Sent from my Transformer TF101 using Tapatalk


----------



## theMichael (Aug 26, 2011)

tanknspank said:


> yeah, your best bet would be updating OMGB, as porting the ril itself to aosp source, even with slayher and xoomdev already doing it, would be quite an achievement. Sent from my Transformer TF101 using Tapatalk


+1


----------



## Turd Furguson (Dec 19, 2011)

If you are planning on trying this out, make sure you save everything you can. ProTekk nuked his repo for CM7 and is focusing on AOKP moving forward.


----------



## NickxxSfk (Dec 20, 2011)

Turd Furguson said:


> If you are planning on trying this out, make sure you save everything you can. ProTekk nuked his repo for CM7 and is focusing on AOKP moving forward.


I noticed that when I tried to sync his repo...lol

Sent from my Desensed Tbolt


----------



## CHP (Jul 13, 2011)

http://source.android.com/source/initializing.html

Might this help?


----------



## NickxxSfk (Dec 20, 2011)

Already have a build environment. Sorta. I got permission to use the OMGB source.
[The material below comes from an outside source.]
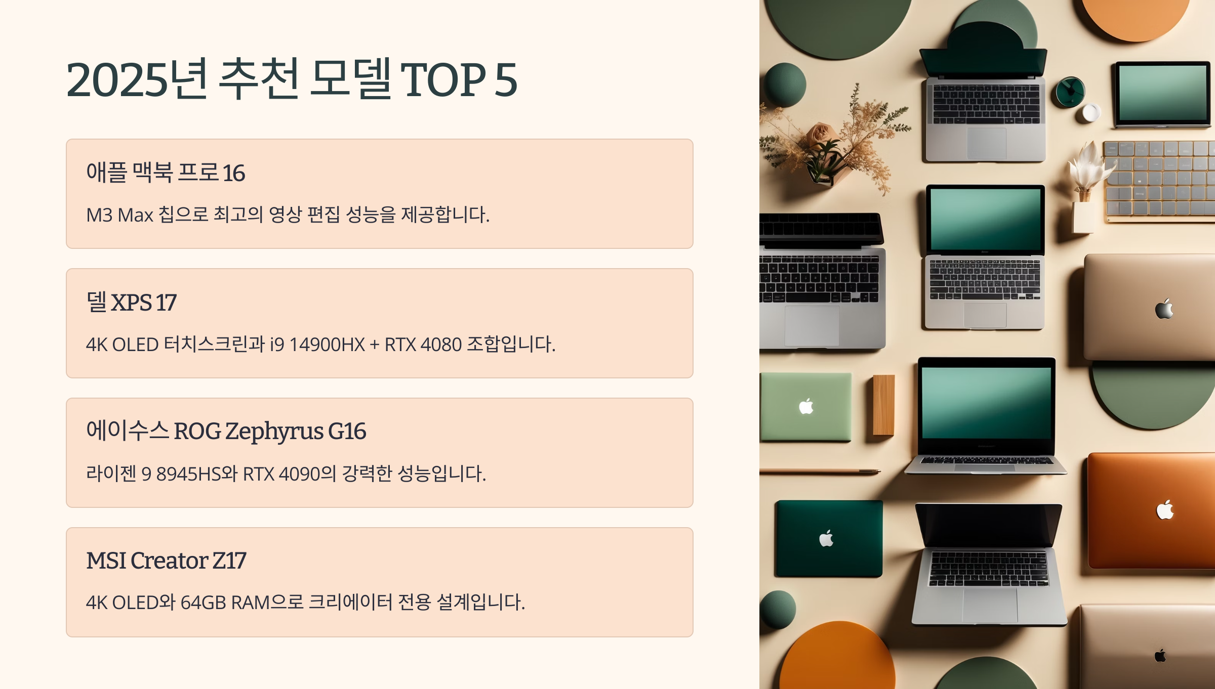 이제 진짜 본격적으로! 2025년 현재 최고로 손꼽히는 영상 편집 노트북 5종을 소개할게요. 이 중 하나는 분명 당신의 작업 스타일에 찰떡일지도 몰라요! 😎

So ill work on it tomorrow if anyone wants to hit me up 

Sent from my Desensed Tbolt


----------



## admiralspark (Sep 26, 2011)

Nick, I have a beast for compiling here, I'll build/test for you. 
If you could open a github and make a branch for your build, we could all help build it too.


----------



## NickxxSfk (Dec 20, 2011)

Sounds good!

Sent from my Desensed Tbolt


----------